**About this task**
The listing below should be reproduced precisely, except for its images.

**Information shown**
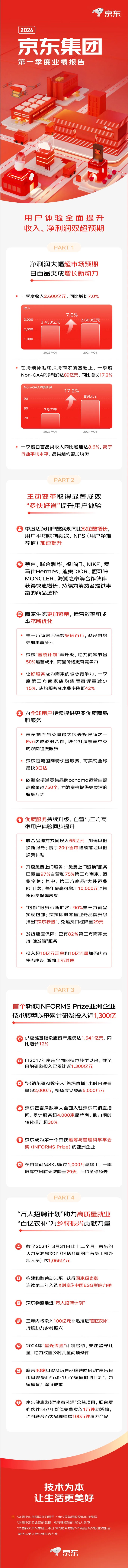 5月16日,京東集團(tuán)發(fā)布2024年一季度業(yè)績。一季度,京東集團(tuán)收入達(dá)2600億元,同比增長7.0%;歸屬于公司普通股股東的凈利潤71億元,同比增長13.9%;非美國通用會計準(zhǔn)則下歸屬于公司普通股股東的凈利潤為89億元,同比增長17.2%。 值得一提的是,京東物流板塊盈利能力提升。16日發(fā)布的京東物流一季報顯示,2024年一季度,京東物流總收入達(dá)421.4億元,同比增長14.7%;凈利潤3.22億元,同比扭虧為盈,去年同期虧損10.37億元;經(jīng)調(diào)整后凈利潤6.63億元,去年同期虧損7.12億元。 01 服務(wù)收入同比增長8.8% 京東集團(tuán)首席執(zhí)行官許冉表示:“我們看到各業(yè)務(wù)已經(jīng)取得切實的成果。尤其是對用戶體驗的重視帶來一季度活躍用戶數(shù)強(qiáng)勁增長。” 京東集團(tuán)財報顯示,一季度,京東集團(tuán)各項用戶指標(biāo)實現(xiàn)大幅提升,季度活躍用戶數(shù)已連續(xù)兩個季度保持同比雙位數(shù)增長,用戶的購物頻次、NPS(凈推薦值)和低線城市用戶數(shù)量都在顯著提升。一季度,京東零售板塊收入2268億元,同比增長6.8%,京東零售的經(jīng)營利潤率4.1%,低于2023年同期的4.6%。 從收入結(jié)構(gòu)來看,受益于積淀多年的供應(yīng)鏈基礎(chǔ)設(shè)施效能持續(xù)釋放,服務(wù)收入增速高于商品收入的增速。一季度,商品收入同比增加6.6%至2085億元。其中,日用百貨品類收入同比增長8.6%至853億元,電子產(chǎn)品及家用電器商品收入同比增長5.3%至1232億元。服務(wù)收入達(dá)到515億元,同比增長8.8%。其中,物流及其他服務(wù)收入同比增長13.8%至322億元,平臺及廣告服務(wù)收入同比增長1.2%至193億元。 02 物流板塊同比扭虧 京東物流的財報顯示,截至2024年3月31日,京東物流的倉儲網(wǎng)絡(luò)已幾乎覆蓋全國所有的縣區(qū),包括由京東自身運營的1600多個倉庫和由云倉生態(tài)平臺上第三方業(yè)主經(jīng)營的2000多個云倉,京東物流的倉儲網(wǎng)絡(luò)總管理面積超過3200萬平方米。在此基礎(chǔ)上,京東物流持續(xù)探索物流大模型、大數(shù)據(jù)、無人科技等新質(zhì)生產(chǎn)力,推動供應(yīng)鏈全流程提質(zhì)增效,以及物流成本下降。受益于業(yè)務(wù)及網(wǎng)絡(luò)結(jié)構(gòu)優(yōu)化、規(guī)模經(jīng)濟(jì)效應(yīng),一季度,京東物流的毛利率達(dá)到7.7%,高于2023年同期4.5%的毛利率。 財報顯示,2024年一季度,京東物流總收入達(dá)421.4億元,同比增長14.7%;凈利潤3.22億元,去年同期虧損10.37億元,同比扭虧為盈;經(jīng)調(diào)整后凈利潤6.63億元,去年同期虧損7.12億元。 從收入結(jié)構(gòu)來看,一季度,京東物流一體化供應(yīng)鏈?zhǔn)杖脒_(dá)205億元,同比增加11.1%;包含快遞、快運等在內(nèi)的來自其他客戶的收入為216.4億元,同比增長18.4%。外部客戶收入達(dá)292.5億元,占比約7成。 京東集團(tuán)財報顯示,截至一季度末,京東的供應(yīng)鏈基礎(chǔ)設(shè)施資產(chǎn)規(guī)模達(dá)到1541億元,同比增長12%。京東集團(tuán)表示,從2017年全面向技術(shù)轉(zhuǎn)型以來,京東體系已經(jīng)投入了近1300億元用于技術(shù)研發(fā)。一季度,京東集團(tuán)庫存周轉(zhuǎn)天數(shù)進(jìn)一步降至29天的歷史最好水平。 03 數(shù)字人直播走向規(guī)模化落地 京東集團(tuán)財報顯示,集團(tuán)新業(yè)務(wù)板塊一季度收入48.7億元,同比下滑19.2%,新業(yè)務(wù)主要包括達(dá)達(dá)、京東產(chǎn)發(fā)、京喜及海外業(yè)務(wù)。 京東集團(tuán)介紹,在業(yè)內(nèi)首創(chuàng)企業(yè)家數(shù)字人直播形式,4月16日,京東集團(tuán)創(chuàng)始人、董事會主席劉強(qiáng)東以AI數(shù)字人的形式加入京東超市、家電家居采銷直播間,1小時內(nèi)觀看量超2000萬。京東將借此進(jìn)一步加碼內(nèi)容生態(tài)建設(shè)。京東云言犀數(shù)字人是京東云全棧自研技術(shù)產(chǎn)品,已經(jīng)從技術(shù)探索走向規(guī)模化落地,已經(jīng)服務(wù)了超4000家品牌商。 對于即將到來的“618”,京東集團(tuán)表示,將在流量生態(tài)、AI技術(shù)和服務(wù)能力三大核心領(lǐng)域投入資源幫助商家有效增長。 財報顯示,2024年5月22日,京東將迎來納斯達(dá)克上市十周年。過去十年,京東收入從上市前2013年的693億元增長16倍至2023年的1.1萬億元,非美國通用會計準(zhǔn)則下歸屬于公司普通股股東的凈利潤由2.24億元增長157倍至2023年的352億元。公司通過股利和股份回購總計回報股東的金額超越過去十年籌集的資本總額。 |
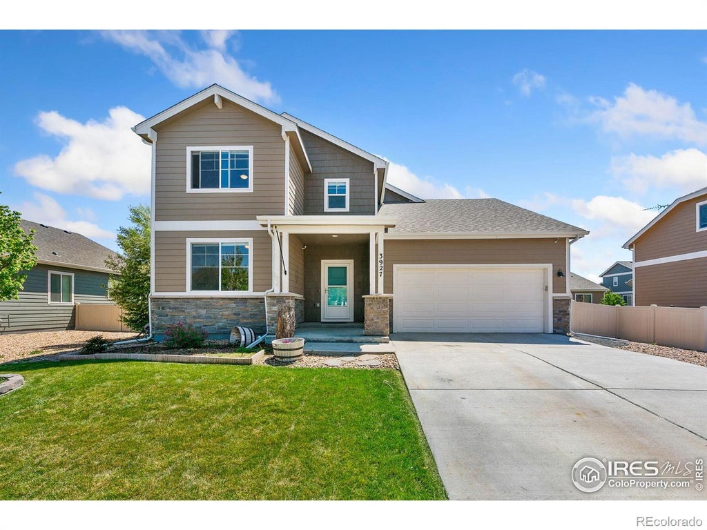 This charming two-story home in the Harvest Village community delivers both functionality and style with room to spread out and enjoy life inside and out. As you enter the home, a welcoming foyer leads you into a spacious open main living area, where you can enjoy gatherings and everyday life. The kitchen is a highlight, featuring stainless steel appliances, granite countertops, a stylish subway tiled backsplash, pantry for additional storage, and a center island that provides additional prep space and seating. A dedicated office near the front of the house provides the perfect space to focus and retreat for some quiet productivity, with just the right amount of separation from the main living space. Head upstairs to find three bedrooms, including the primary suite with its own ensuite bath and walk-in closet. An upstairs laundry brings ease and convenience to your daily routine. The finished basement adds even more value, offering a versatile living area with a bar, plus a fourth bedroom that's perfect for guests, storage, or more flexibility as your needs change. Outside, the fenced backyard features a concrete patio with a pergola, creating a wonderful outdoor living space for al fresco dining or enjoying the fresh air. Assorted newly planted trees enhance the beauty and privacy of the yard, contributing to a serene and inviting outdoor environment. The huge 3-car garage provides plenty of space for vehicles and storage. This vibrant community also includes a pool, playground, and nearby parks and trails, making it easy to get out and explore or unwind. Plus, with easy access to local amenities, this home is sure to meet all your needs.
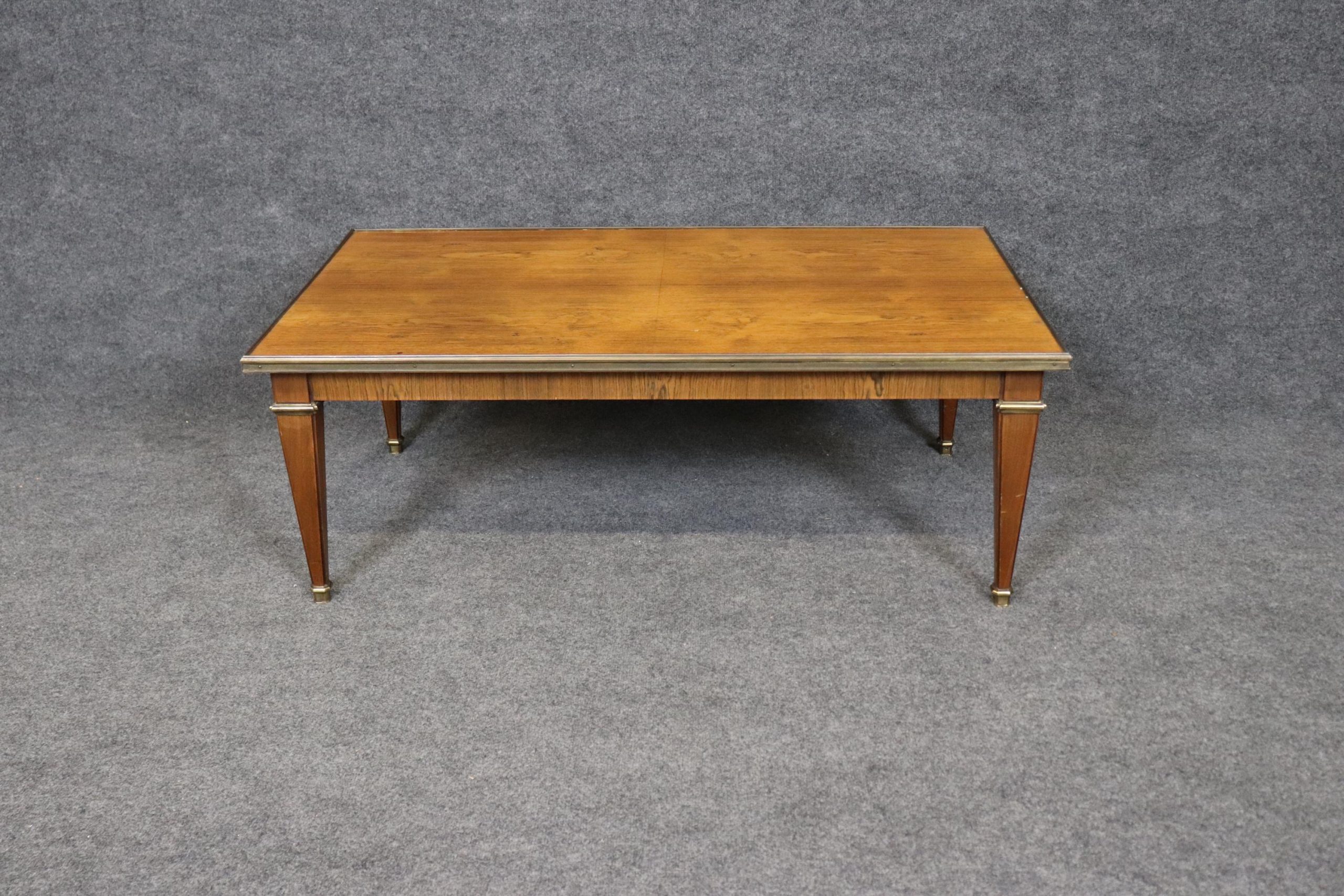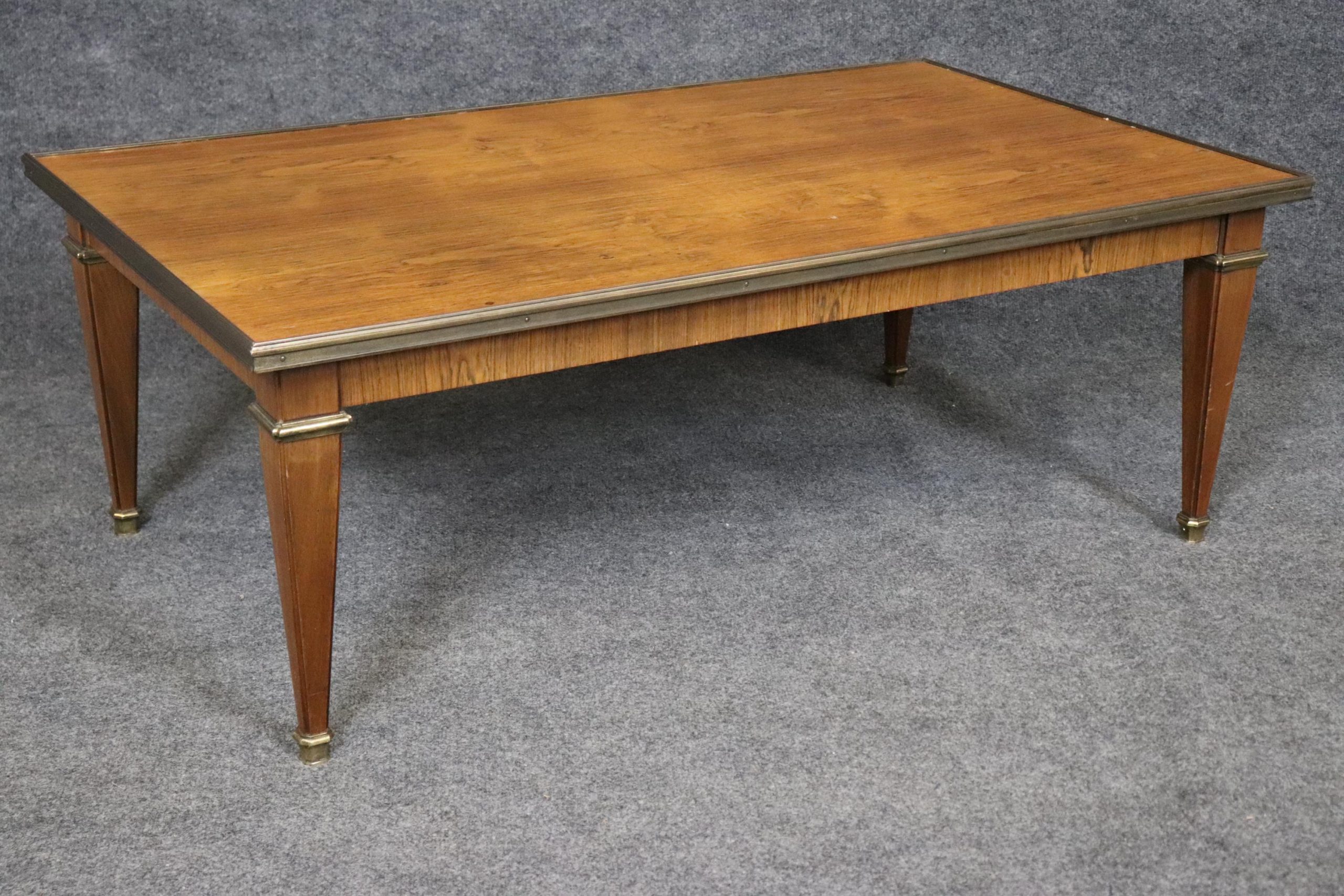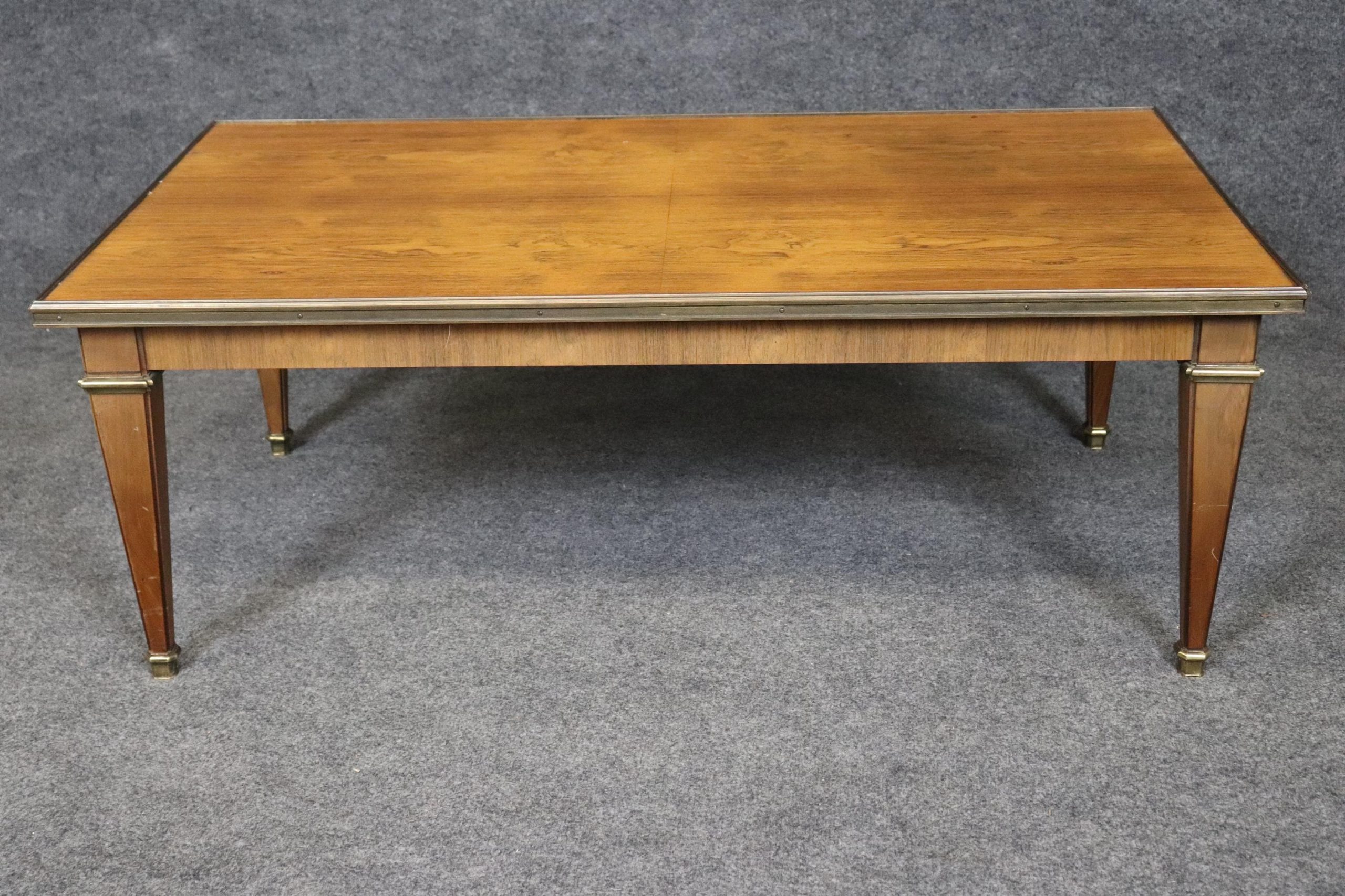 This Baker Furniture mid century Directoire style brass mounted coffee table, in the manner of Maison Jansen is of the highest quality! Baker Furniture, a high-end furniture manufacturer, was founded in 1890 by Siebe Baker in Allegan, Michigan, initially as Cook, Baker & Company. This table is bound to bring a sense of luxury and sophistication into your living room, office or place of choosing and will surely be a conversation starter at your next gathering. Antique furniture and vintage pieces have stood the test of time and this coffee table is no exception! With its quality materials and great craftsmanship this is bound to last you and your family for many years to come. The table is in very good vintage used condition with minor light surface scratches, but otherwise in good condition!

**Output below**
 5月16日,京東集團(tuán)發(fā)布2024年一季度業(yè)績。一季度,京東集團(tuán)收入達(dá)2600億元,同比增長7.0%;歸屬于公司普通股股東的凈利潤71億元,同比增長13.9%;非美國通用會計準(zhǔn)則下歸屬于公司普通股股東的凈利潤為89億元,同比增長17.2%。 值得一提的是,京東物流板塊盈利能力提升。16日發(fā)布的京東物流一季報顯示,2024年一季度,京東物流總收入達(dá)421.4億元,同比增長14.7%;凈利潤3.22億元,同比扭虧為盈,去年同期虧損10.37億元;經(jīng)調(diào)整后凈利潤6.63億元,去年同期虧損7.12億元。 01 服務(wù)收入同比增長8.8% 京東集團(tuán)首席執(zhí)行官許冉表示:“我們看到各業(yè)務(wù)已經(jīng)取得切實的成果。尤其是對用戶體驗的重視帶來一季度活躍用戶數(shù)強(qiáng)勁增長。” 京東集團(tuán)財報顯示,一季度,京東集團(tuán)各項用戶指標(biāo)實現(xiàn)大幅提升,季度活躍用戶數(shù)已連續(xù)兩個季度保持同比雙位數(shù)增長,用戶的購物頻次、NPS(凈推薦值)和低線城市用戶數(shù)量都在顯著提升。一季度,京東零售板塊收入2268億元,同比增長6.8%,京東零售的經(jīng)營利潤率4.1%,低于2023年同期的4.6%。 從收入結(jié)構(gòu)來看,受益于積淀多年的供應(yīng)鏈基礎(chǔ)設(shè)施效能持續(xù)釋放,服務(wù)收入增速高于商品收入的增速。一季度,商品收入同比增加6.6%至2085億元。其中,日用百貨品類收入同比增長8.6%至853億元,電子產(chǎn)品及家用電器商品收入同比增長5.3%至1232億元。服務(wù)收入達(dá)到515億元,同比增長8.8%。其中,物流及其他服務(wù)收入同比增長13.8%至322億元,平臺及廣告服務(wù)收入同比增長1.2%至193億元。 02 物流板塊同比扭虧 京東物流的財報顯示,截至2024年3月31日,京東物流的倉儲網(wǎng)絡(luò)已幾乎覆蓋全國所有的縣區(qū),包括由京東自身運營的1600多個倉庫和由云倉生態(tài)平臺上第三方業(yè)主經(jīng)營的2000多個云倉,京東物流的倉儲網(wǎng)絡(luò)總管理面積超過3200萬平方米。在此基礎(chǔ)上,京東物流持續(xù)探索物流大模型、大數(shù)據(jù)、無人科技等新質(zhì)生產(chǎn)力,推動供應(yīng)鏈全流程提質(zhì)增效,以及物流成本下降。受益于業(yè)務(wù)及網(wǎng)絡(luò)結(jié)構(gòu)優(yōu)化、規(guī)模經(jīng)濟(jì)效應(yīng),一季度,京東物流的毛利率達(dá)到7.7%,高于2023年同期4.5%的毛利率。 財報顯示,2024年一季度,京東物流總收入達(dá)421.4億元,同比增長14.7%;凈利潤3.22億元,去年同期虧損10.37億元,同比扭虧為盈;經(jīng)調(diào)整后凈利潤6.63億元,去年同期虧損7.12億元。 從收入結(jié)構(gòu)來看,一季度,京東物流一體化供應(yīng)鏈?zhǔn)杖脒_(dá)205億元,同比增加11.1%;包含快遞、快運等在內(nèi)的來自其他客戶的收入為216.4億元,同比增長18.4%。外部客戶收入達(dá)292.5億元,占比約7成。 京東集團(tuán)財報顯示,截至一季度末,京東的供應(yīng)鏈基礎(chǔ)設(shè)施資產(chǎn)規(guī)模達(dá)到1541億元,同比增長12%。京東集團(tuán)表示,從2017年全面向技術(shù)轉(zhuǎn)型以來,京東體系已經(jīng)投入了近1300億元用于技術(shù)研發(fā)。一季度,京東集團(tuán)庫存周轉(zhuǎn)天數(shù)進(jìn)一步降至29天的歷史最好水平。 03 數(shù)字人直播走向規(guī)模化落地 京東集團(tuán)財報顯示,集團(tuán)新業(yè)務(wù)板塊一季度收入48.7億元,同比下滑19.2%,新業(yè)務(wù)主要包括達(dá)達(dá)、京東產(chǎn)發(fā)、京喜及海外業(yè)務(wù)。 京東集團(tuán)介紹,在業(yè)內(nèi)首創(chuàng)企業(yè)家數(shù)字人直播形式,4月16日,京東集團(tuán)創(chuàng)始人、董事會主席劉強(qiáng)東以AI數(shù)字人的形式加入京東超市、家電家居采銷直播間,1小時內(nèi)觀看量超2000萬。京東將借此進(jìn)一步加碼內(nèi)容生態(tài)建設(shè)。京東云言犀數(shù)字人是京東云全棧自研技術(shù)產(chǎn)品,已經(jīng)從技術(shù)探索走向規(guī)模化落地,已經(jīng)服務(wù)了超4000家品牌商。 對于即將到來的“618”,京東集團(tuán)表示,將在流量生態(tài)、AI技術(shù)和服務(wù)能力三大核心領(lǐng)域投入資源幫助商家有效增長。 財報顯示,2024年5月22日,京東將迎來納斯達(dá)克上市十周年。過去十年,京東收入從上市前2013年的693億元增長16倍至2023年的1.1萬億元,非美國通用會計準(zhǔn)則下歸屬于公司普通股股東的凈利潤由2.24億元增長157倍至2023年的352億元。公司通過股利和股份回購總計回報股東的金額超越過去十年籌集的資本總額。 |
 This charming two-story home in the Harvest Village community delivers both functionality and style with room to spread out and enjoy life inside and out. As you enter the home, a welcoming foyer leads you into a spacious open main living area, where you can enjoy gatherings and everyday life. The kitchen is a highlight, featuring stainless steel appliances, granite countertops, a stylish subway tiled backsplash, pantry for additional storage, and a center island that provides additional prep space and seating. A dedicated office near the front of the house provides the perfect space to focus and retreat for some quiet productivity, with just the right amount of separation from the main living space. Head upstairs to find three bedrooms, including the primary suite with its own ensuite bath and walk-in closet. An upstairs laundry brings ease and convenience to your daily routine. The finished basement adds even more value, offering a versatile living area with a bar, plus a fourth bedroom that's perfect for guests, storage, or more flexibility as your needs change. Outside, the fenced backyard features a concrete patio with a pergola, creating a wonderful outdoor living space for al fresco dining or enjoying the fresh air. Assorted newly planted trees enhance the beauty and privacy of the yard, contributing to a serene and inviting outdoor environment. The huge 3-car garage provides plenty of space for vehicles and storage. This vibrant community also includes a pool, playground, and nearby parks and trails, making it easy to get out and explore or unwind. Plus, with easy access to local amenities, this home is sure to meet all your needs.
 This Baker Furniture mid century Directoire style brass mounted coffee table, in the manner of Maison Jansen is of the highest quality! Baker Furniture, a high-end furniture manufacturer, was founded in 1890 by Siebe Baker in Allegan, Michigan, initially as Cook, Baker & Company. This table is bound to bring a sense of luxury and sophistication into your living room, office or place of choosing and will surely be a conversation starter at your next gathering. Antique furniture and vintage pieces have stood the test of time and this coffee table is no exception! With its quality materials and great craftsmanship this is bound to last you and your family for many years to come. The table is in very good vintage used condition with minor light surface scratches, but otherwise in good condition!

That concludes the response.